В данном случае мне повезло: я исправил запись вскоре после того, как она была сделана, поэтому я помнил, что в действительности сказал интервьюируемый: «Если что-то удивительное привлечет ваше внимание, вы быстрее среагируете на раздражитель». Пересматривая отрывочные записи, я могу понять, что именно пошло не так. Я начинал с незыблемых основ, умудрившись точно записать три первых слова «Если что-то удивительное». Но мой респондент говорил слишком быстро, и я потерял нить разговора. В итоге я решил постараться восстановить в памяти ключевой момент высказывания (глагол «привлечет») и бегло записал его, как только мой визави сделал паузу. Как жонглер, я подбросил его слова в ближайшее будущее (а именно в краткосрочную память) и поймал их секундой позже, одновременно записывая на слух другие слова, следовавшие за глаголом. Как только собеседник продолжил говорить и, как ни прискорбно, больше не сделал ни одной паузы, я успел набрать пару слов («то скорее»), насколько я могу вспомнить. На протяжении беседы, длившейся около часа, подобное неосознанно повторялось бессчетное количество раз. Удивительно, как я вообще умудрился вынести из нее какие-то сведения. (Возможно, я бы лучше справился со своей задачей, если бы последовал примеру Альфонса и записывал бы ключевые фразы, не пытаясь их запомнить.)
По мнению Альфонса, переводчик выступает в роли фигуры, которая наверняка бы показалась знакомой Блаженному Августину, – балансирующей на туго натянутом канате между памятью и предчувствием. По оценкам Альфонса, среднестатистический переводчик может восполнить интервал длительностью от пятнадцати секунд до минуты, который разделяет восприятие речи на слух и перевод услышанного на иностранный язык. Чем выше квалификация переводчика, тем больше длительность паузы и тем больше информации он может удерживать в голове, прежде чем начать переводить. К переводу можно подготовиться заранее – за два или три дня до мероприятия вполне реально освоить лексику, с которой придется иметь дело. Под конец Альфонс заметил, что хорошо задавшийся перевод чем-то напоминает серфинг: «О словах нужно думать как можно меньше, не тратя на них лишнего времени, – сказал молодой человек. – Необходимо сосредоточиться на том, чтобы поймать волну, и вслушаться в ритм речи. Останавливаться нельзя, иначе вы отстанете, потеряете время и в конце концов растеряетесь в потоке слов».

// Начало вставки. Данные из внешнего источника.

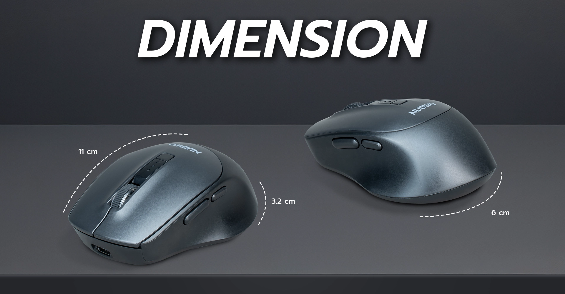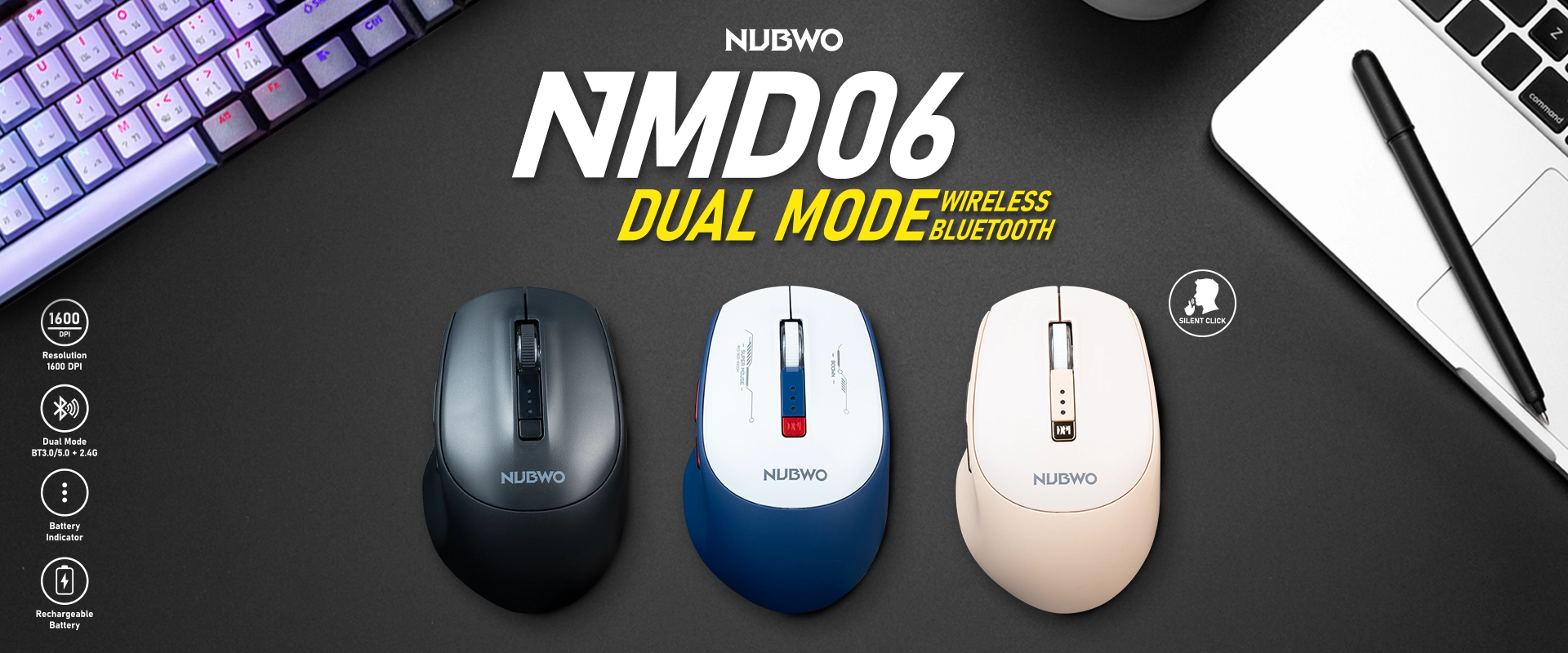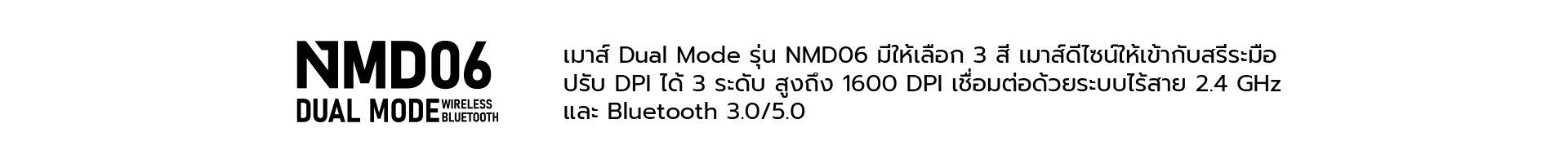เมาส์ไร้สาย รุ่น NMD06 มีทั้งหมด 3 สี มีปุ่มควบคุมการทำงานถึง 6 ปุ่ม เพื่อการใช้งานที่ลื่นไหล พร้อมระบบเชื่อมต่อแบบ Dual Mode Wireless 2.4 GHz & Bluetooth 3.0/5.0 ระยะเวลาในการชาร์จไฟ 2.5 ชั่วโมง มีสถานะไฟ เมื่อแบตชาร์จเต็มไฟสีแดงจะดับไป สามารถปรับ DPI ได้ 3 ระดับ และความละเอียดสูงสุด 1600 DPI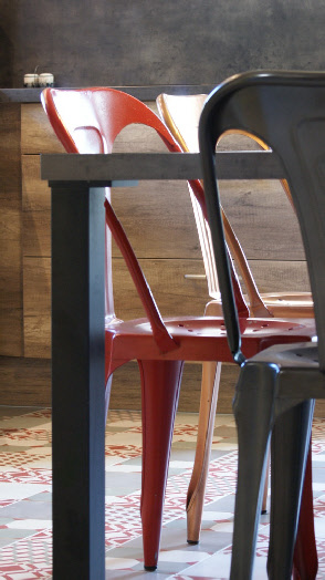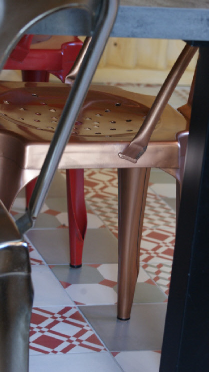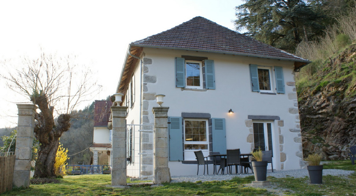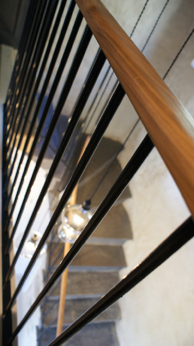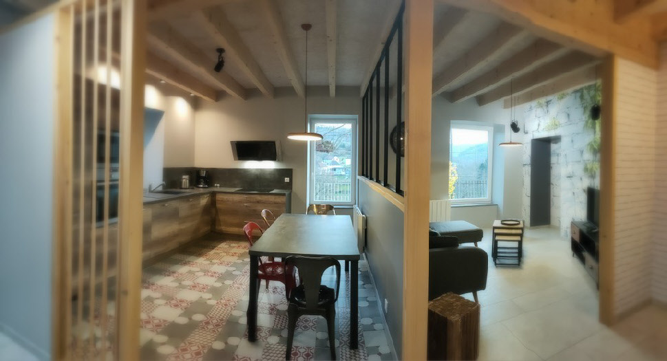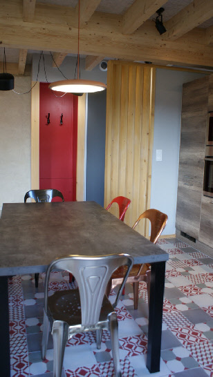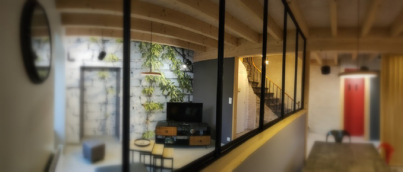 Le parti pris, conserver les éléments du passé comme le garde corps restauré et recréé partiellement ou la récupération des matériaux d’origine comme la brique avec l’évier d’époque, l’escalier en pierre de Volvic, également présente en façade, les poutres qui pouvaient être sauvées ont été sablées...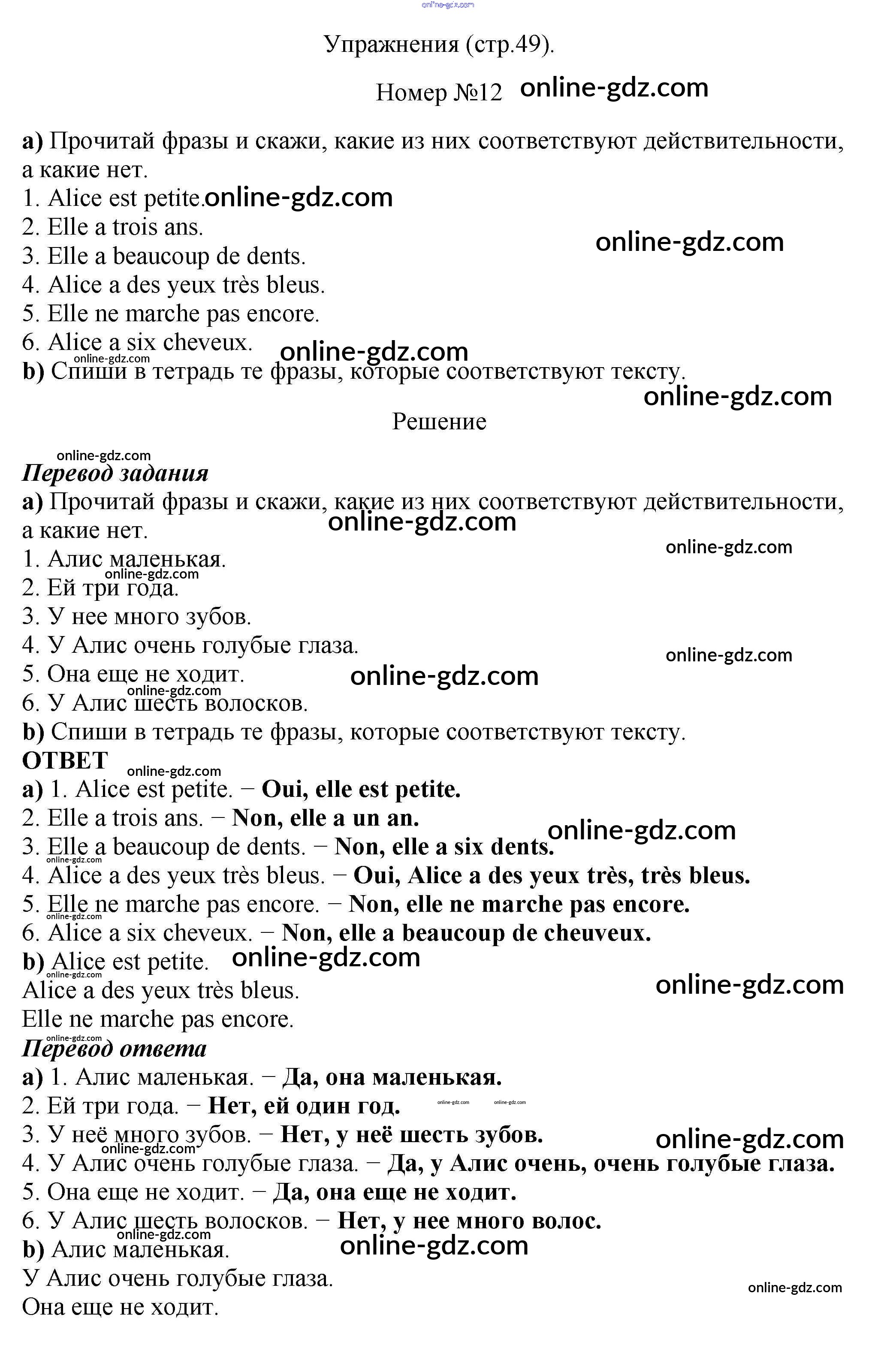 Готовые домашние задания по Французскому языку за 5 класс Учебник Береговская, Белосельская Синяя птица 2021 - Часть 1. Страницы 49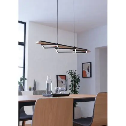 Eglo Pendelleuchte Boyal Holz Schwarz, Braun 42W 3500lm - 830 | Dimmbar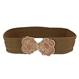 Below are the description of Allegra K Woman Enamel Rose Interlocking Buckle Elastic Cinch Belt Brown
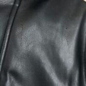 Jacket has several nicks on the left side as shown in the photos. The material has a glimmer to it. It has been cleaned. Please see photos for details and measurements.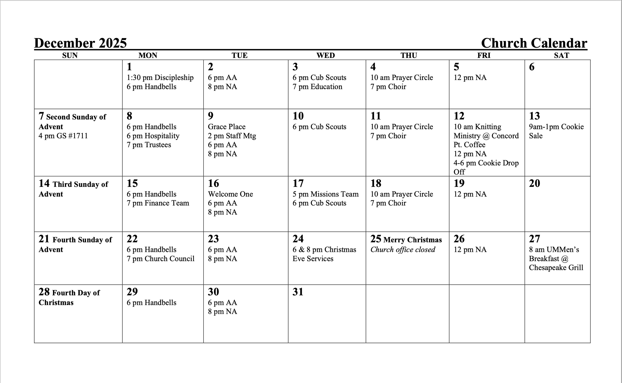 Ruth Jessup Circle Annual Christmas Cookie Sale takes place in the Social Hall from 9:00am until noon. Stock up on treats for the holidays!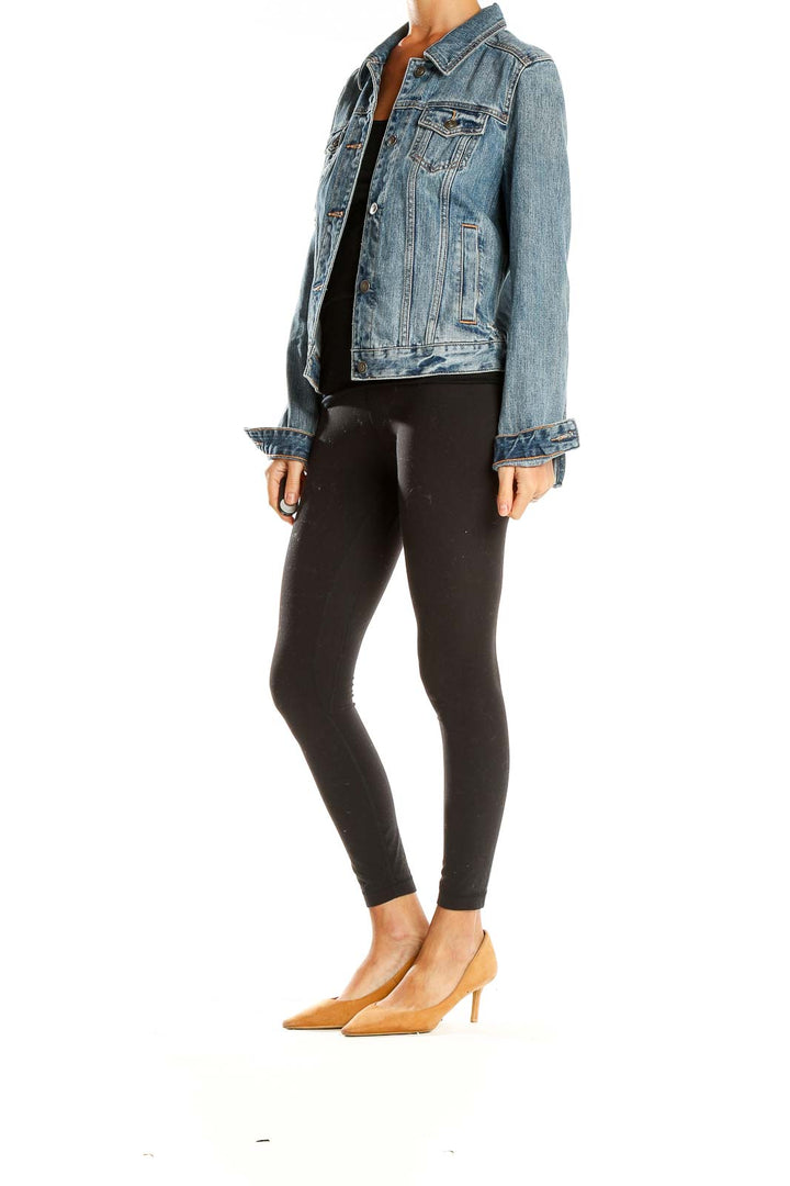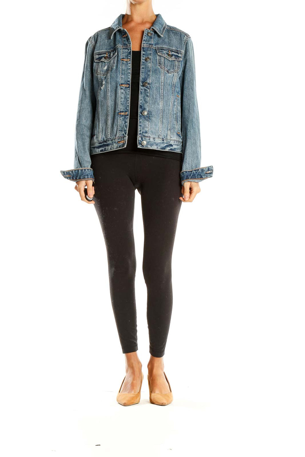 Crafted from high-quality denim, this jacket offers both durability and comfort. It features a traditional collar, button-up front, and functional chest pockets, embodying the quintessential denim jacket style. The fitted silhouette flatters the figure while allowing room for layering.

Представьте себе предложение, которое начинается отсюда, прирастает парой-тройкой слов, а затем увиливает в сторону одним-двумя придаточными и заканчивается здесь. Я сочинил такое предложение за несколько секунд, хотя, возможно, могли пройти годы, прежде чем я сподобился бы перенести задуманное на бумагу. Однако вы прочтете мое послание, скорей всего, за пару секунд – этого достаточно, чтобы вы прочли его и осознали, что вы прочитали. В некоторой степени допущения – это и есть настоящее.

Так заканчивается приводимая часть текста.